Methods: The 4GI systems model was calibrated on continuous glucose monitoring (CGM) data from the cotadutide Phase 2a study (D5670C00011, NCT03244800)[5]. System parameters remained fixed, while only parameters related to dietary and lifestyle changes were estimated. Model predictions on Cglc,av were compared with the calculated Cglc,av from the observed CGM data. Subsequently, the predicted Cglc,av served as input for the IGRH model to predict the impact of cotadutide on HbA1c. External validation involved predicting the in vivo effect, based on in vitro potency information, of both cotadutide and liraglutide on fasting plasma glucose and HbA1c in the cotadutide Phase 2b study (D5670C00004, NCT03235050)[6].

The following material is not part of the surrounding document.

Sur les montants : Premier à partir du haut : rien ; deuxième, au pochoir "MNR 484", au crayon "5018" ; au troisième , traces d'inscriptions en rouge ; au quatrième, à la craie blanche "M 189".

Results: Minimal 4GI model calibration to short-term cotadutide Ph2a CGM data enabled adequate daily average glucose concentration predictions. The resulting Cglc,av served as input for the IGRH model to predict the long-term effects on HbA1c. The combined 4GI-IGRH systems model effectively predicted the impact of cotadutide and liraglutide on fasting plasma glucose (FPG) (RMSPE 5.7%) and change from baseline HbA1c (RMSPE 13%) within a Phase 2b setting.

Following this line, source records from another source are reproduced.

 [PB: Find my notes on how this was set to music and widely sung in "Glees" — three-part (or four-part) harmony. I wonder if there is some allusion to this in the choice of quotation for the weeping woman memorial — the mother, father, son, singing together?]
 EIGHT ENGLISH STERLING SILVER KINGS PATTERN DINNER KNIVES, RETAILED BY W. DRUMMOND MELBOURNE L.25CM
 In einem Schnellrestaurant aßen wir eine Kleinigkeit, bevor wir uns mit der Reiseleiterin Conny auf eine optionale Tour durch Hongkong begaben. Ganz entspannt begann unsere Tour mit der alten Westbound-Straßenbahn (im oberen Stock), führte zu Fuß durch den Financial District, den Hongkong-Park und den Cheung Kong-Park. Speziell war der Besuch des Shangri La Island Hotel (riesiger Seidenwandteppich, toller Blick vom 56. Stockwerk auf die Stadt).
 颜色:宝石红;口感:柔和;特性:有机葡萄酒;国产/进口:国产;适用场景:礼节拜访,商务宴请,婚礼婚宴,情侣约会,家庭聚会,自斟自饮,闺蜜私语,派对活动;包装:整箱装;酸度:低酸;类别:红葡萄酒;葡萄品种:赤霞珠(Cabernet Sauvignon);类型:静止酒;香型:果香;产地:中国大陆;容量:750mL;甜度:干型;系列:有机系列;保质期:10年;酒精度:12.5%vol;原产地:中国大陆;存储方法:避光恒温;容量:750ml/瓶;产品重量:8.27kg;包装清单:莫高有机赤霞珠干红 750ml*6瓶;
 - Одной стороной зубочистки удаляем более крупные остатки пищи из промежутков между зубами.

Conclusion: The 4GI-IGRH systems model was used in cotadutide's clinical development by providing predictive insights into the Phase 2b study prior to its initiation. The model accurately anticipated the effects of cotadutide and liraglutide on FPG and HbA1c based on in vitro efficacy information. Furthermore, it effectively depicted the dose-dependent impact of cotadutide on daily glucose data derived from CGM. This analysis shows the model's potential as a valuable tool in supporting the clinical development of cotadutide and existing and newly developed GLP-1R agonists.
References:
[1] Sherwani SI, Khan HA, Ekhzaimy A, Masood A, Sakharkar MK. Significance of HbA1c test in diagnosis and prognosis of diabetic patients. Biomark Insights [Internet]. Libertas Academica Ltd.; 2016 [cited 2023 Oct 12];11:95–104. Available from: https://www.idf.org/membership/mena/saudi-arabia.
[2] Global Burden of Disease Collaborative Network. Global Burden of Disease Study 2019. Results. Institute for Health Metrics and Evaluation. 2020 [Internet]. Available from: https://vizhub.healthdata.org/gbd-results/
[3] Bosch R, Petrone M, Arends R, Vicini P, Sijbrands EJG, Hoefman S, et al. A novel integrated QSP model of in vivo human glucose regulation to support the development of a glucagon/GLP-1 dual agonist. CPT Pharmacometrics Syst Pharmacol [Internet]. 2022 [cited 2022 Jan 13];11:302–17. Available from: https://onlinelibrary.wiley.com/doi/10.1002/psp4.12752
[4] Bosch R, Petrone M, Arends R, Vicini P, Sijbrands EJG, Hoefman S, et al. Characterisation of cotadutide’s dual GLP‐1/glucagon receptor agonistic effects on glycaemic control using an in vivo human glucose regulation quantitative systems pharmacology model. Br J Pharmacol 2024; Available from: https://bpspubs.onlinelibrary.wiley.com/doi/10.1111/bph.16336
[5] Ambery PD, Klammt S, Posch MG, Petrone M, Pu W, Rondinone C, et al. MEDI0382, a GLP-1/glucagon receptor dual agonist, meets safety and tolerability endpoints in a single-dose, healthy-subject, randomized, Phase 1 study. Br J Clin Pharmacol. Blackwell Publishing Ltd; 2018;84:2325–35.
[6] Nahra R, Wang T, Gadde KM, Oscarsson J, Stumvoll M, Jermutus L, et al. Effects of cotadutide on metabolic and hepatic parameters in adults with overweight or obesity and type 2 diabetes: A 54-week randomized phase 2b study. Diabetes Care. 2021;44:1433–42.